Книга Глаза Рембрандта, страница 55. Автор книги Саймон Шама

Разделитель для чтения книг в онлайн библиотеке

Онлайн книга «Глаза Рембрандта»

Cтраница 55

Однако, вернувшись в Мантую весной 1608 года, он обнаружил, что сетования на истощившуюся-де казну совершенно беспочвенны. Пока алтарный образ, завернутый в бумагу и мешковину, лежал на полу в его мастерской в палаццо Дукале, двор предавался пышным увеселениям, свидетельствующим о невероятном расточительстве: впрочем, чего ожидать, если наследник правящей династии Франческо вступает в брак с представительницей семейства Габсбургов Маргаритой Савойской? В честь бракосочетания были исполнены опера Монтеверди «Ариадна» и балет, на водах Мантуанского озера галеры костюмированных турок сражались с галерами настоящих христиан, ночное небо озаряли фейерверки, всю Мантую освещали тысячи бумажных фонариков. Герцогство Гонзага превратилось в волшебную страну, царство эльфов. Казалось, конца-краю этому великолепию не будет.

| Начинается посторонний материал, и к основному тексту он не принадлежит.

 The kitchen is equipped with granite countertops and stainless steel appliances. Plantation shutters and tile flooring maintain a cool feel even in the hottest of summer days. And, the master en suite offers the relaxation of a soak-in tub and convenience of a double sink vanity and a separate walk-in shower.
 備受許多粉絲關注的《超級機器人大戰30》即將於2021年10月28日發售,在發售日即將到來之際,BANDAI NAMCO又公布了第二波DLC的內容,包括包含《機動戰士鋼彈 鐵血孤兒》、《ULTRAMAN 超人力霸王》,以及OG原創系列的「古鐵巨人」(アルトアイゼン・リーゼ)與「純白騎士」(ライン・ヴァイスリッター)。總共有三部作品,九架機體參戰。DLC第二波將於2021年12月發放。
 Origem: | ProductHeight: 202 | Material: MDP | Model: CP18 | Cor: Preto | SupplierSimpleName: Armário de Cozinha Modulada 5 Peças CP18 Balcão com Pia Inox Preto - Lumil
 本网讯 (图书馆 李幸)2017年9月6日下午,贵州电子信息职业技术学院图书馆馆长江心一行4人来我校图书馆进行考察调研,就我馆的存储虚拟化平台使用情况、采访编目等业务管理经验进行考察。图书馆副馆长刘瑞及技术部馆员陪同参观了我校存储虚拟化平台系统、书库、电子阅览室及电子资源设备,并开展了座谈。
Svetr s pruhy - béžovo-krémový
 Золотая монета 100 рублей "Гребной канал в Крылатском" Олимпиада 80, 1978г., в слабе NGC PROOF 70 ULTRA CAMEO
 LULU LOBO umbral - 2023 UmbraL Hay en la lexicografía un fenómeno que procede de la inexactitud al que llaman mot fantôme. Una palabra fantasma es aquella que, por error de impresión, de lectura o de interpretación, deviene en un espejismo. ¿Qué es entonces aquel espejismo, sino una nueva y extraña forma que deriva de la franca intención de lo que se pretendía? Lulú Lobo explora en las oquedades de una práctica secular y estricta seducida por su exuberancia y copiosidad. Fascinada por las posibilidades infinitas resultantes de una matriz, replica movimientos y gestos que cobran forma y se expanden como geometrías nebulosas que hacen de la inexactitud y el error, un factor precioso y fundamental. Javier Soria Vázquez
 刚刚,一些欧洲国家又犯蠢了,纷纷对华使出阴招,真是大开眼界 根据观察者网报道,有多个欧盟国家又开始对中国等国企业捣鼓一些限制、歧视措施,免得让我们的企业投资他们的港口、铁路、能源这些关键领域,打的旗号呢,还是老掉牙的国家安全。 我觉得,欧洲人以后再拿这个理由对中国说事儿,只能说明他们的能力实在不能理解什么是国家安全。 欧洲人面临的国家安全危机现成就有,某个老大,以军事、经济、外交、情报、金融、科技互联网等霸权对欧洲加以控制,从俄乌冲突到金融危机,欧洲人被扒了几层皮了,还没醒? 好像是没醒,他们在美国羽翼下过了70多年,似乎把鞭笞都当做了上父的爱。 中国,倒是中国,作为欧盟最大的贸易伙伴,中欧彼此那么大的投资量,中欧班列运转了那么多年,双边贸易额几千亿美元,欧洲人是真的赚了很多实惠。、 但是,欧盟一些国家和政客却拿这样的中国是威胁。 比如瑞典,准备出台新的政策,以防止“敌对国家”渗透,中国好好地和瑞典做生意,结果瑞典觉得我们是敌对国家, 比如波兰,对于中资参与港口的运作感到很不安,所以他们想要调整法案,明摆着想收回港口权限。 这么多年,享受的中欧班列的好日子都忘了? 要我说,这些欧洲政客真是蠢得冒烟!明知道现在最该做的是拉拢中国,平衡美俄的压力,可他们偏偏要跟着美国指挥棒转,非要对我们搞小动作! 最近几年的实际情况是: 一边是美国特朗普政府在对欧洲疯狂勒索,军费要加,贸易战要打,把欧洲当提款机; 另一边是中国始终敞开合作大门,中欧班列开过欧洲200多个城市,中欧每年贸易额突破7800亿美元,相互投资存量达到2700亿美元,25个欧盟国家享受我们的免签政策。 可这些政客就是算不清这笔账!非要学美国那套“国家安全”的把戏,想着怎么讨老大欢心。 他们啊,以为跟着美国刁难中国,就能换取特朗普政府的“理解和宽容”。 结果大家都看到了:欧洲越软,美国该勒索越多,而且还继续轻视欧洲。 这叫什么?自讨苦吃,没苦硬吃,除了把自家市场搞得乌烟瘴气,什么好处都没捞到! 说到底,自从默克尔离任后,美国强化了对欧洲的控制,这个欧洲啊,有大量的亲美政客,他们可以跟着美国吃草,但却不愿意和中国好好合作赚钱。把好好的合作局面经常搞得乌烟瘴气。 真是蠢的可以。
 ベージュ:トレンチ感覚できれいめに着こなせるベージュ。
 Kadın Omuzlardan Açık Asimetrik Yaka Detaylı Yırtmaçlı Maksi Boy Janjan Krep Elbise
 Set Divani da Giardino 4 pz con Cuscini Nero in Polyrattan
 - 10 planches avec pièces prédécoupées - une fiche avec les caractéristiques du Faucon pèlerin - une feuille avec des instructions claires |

Увы, герцог был смертен. В конце лета Винченцо, чувствуя приближение старости, решил в очередной раз отправиться на воды в Спа. Рубенса не пригласили сопровождать его. От Филиппа Рубенса приходили все более тревожные послания, в которых говорилось о мучивших их мать приступах астмы, и, пока Винченцо находился в Антверпене, сначала Филипп лично, а затем эрцгерцог Альбрехт в письме просили его позволить Питеру Паулю вернуться домой. Винченцо ответствовал, что его придворный живописец так любит Италию, что он не в силах будет согласиться и отпустить его. Однако к концу октября состояние Марии Рубенс серьезно ухудшилось. Из Рима, где Рубенс до сих пор готовился представить вниманию публики запрестольный образ для Кьеза Нуова, он написал Кьеппио, прося позволения поехать во Фландрию: уверяя герцогского секретаря, что вернется в Мантую, как только минует опасность, он тем не менее не стал дожидаться ответа. «Целую Ваши руки, моля не оставлять меня своей благосклонностью и Вас, и Его Светлость герцога, – завершил он свое прошение и подписался: – Ваш покорный слуга Питер Пауль Рубенс, salendo a cavallo [вскакивая в седло], 28 октября 1608 г.».


Глаза Рембрандта

Караваджо. Успение Богоматери. 1605–1606. Холст, масло. 369 × 245 см. Лувр, Париж


Если дело происходило не зимой, письма обычно шли из Нидерландов в Италию чуть более двух недель. Весть о смерти Марии, посланная Филиппом, вероятно, пересекала Альпы, пока Питер Пауль спешил в Антверпен. Как мы знаем, он гордился своим умением ездить верхом и, возможно, проскакал весь путь из Италии во Фландрию, меняя лошадей в придорожных тавернах и нанимая мулов на горных перевалах. Но если из-под копыт его скакуна и неслась пыль, все было тщетно, ибо, прибыв в Антверпен, Питер Пауль застал Филиппа в трауре и услышал, что мать их уже похоронили под сводами епископской церкви Святого Михаила, неподалеку от дома на Клостерстрат, где она провела последние годы. Нетрудно вообразить скорбь и угрызения совести, охватившие Рубенса при запоздалом приезде домой. Он уже не мог ничего поправить. Еще тяжелее было разбирать вещи покойной: кровати, столы, стулья, занавеси, белье, книги. Почти все имущество Мария оставила сыновьям, назначив их же исполнителями завещания. Может быть, Питер Пауль ощутил особенно острую боль, узнав, что в завещании все свои картины, кроме фамильных портретов, она передала в его собственность [153], ибо «он написал их и они необычайно хороши».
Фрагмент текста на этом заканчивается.